Improving Previsit Processess to Maximize Postvisit Collections
As most of us know, poor previsit processes create havoc on a practice’s ability to post, bill, and collect for services rendered (Petaschnick J. Health Care Collector. 2007;20:1,10-12). A previsit process that is laden with errors, variation, and waste will result in an increase not only in denials and lost revenue, but also in cost associated with catching and correcting errors on the back end.
Previsit processes also can be tied directly to patient satisfaction. Perhaps the most obvious is the dissatisfaction that arises when charges are denied as a result of incorrect billing (Lloyd J. Receivables Report. 2011;26: 1,10). Dissatisfaction can be compounded when patients experience anxiety and worry associated with a lack of understanding about their out-of- pocket liability before they have received services. Because the financial obligation for oncology patients continues to grow, patients now are seeking alternatives and options, both medically and financially.
To decrease the cost of collections and to meet the patient’s expectation to be educated fully about their financial liability, Kansas City Cancer Center, a multispecialty oncology and hematology practice with 7 primary sites of service in the Kansas City metro area, evaluated its previsit processes to incorporate a complete, accurate, and timely verification of benefits before rendering services.
Identifying the Problems
In the winter of 2009, Kansas City Cancer Center practice leadership identified a clear opportunity to decrease the number of denied claims. Upon closer examination, they found that 3 of the top 5 denial codes resulted directly from a failure to collect and/or verify the appropriate information at the time of preregistration. These denial codes included: Services Covered by Another Payer, Services Not Covered by This Payer, and Coverage Termed.

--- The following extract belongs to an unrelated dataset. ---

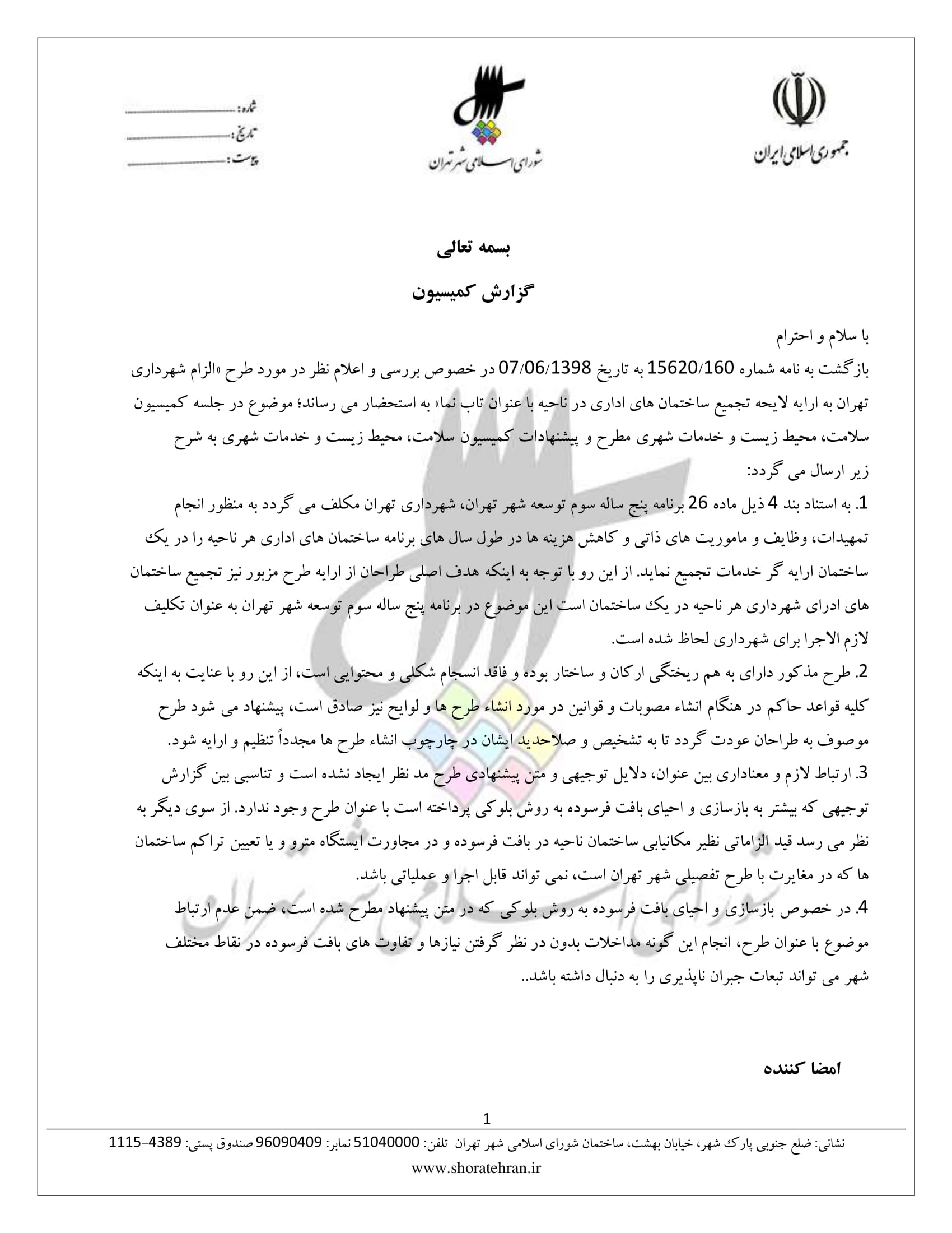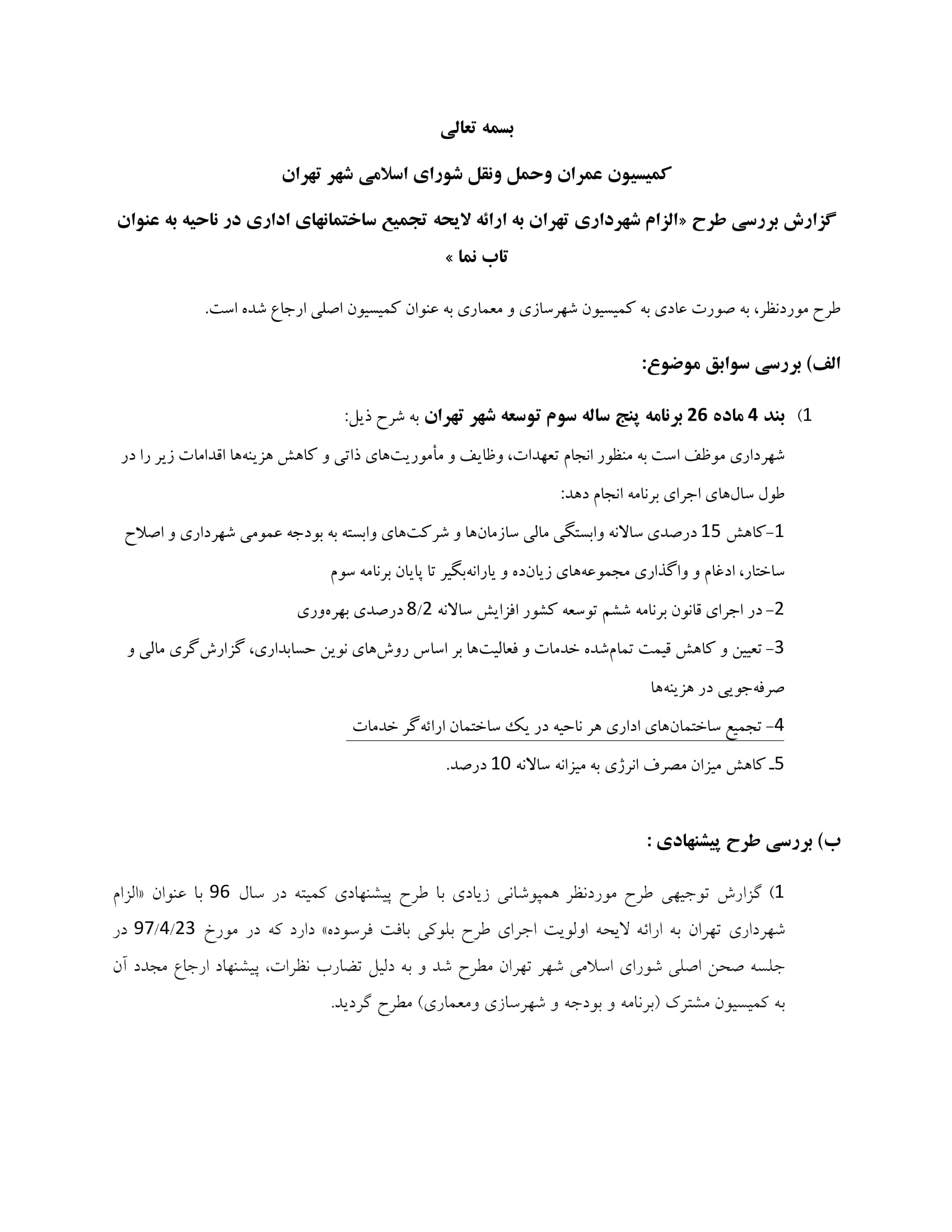 الزام شهرداري تهران به ارائه لايحه تجميع ساختمانهاي اداري در ناحيه با عنوان تابنما

To evaluate the preregistration process in more detail, the practice assembled a cross-functional team and created a standard definition of “complete preregistration”: collecting 100% of the following data elements before the date of service, with 100% accuracy, 100% of the time:
- Patient name (first, middle, last)
- Date of birth
- Primary and secondary policy and group numbers
- Plan addresses
- Subscriber demographics (name, date of birth, gender, Social Security number, and employer).
Next, the practice measured how well this standard was being met. By counting both missing and inaccurate data, the team calculated a defect rate of 52%. This deficiency was causing work to be duplicated in the form of error correction and time spent locating missing information. In addition, there consistently were defects that made it downstream, which resulted in denials and additional replicated work.
At this point, they set out to determine the root causes of the incomplete preregistrations in order to apply the most effective solutions. They identified variation in process between multiple sites of service; excessive touches or hand-offs without clearly defined roles, responsibilities, or accountability; use of inadequate or outdated paper forms resulting in missing, inaccurate, or illegible information; and simple errors in obtaining and recording data elements such as group numbers, insurance plans, dates of birth, subscriber information, and plan numbers.
To address the flaws in the processes, the practice developed a centralized team of preregistration liaisons (PRLs) to complete accurate and timely preregistrations for all new patients. After a patient is scheduled at any location (most new patient appointments are scheduled by the patient’s referring office), a PRL contacts the patient within 48 hours to obtain his or her address, phone number, emergency contacts, insurance information, and other pertinent demographics. While on the phone, the PRL answers any questions regarding the upcoming visit, such as directions to the clinic or information about the provider or practice.
The PRL then contacts the insurance company to verify benefits, including deductibles, copays, and coinsurance. This information is scanned into the practice management system for access by the site of service. After the treatment has been ordered, the process is picked up by the clinic’s financial counselor, who educates the patient about his or her potential liability and identifies payment assistance if needed.
With the development of this new team and processes, the preregistration defect rate ultimately decreased from 52% to 2%, which the practice continues to maintain today. By identifying an opportunity for improvement, defining quality from the customer’s perspective, collecting data, and targeting root causes, practices can make improvements to their previsit processes that will decrease costs, increase revenue, and maintain patient satisfaction.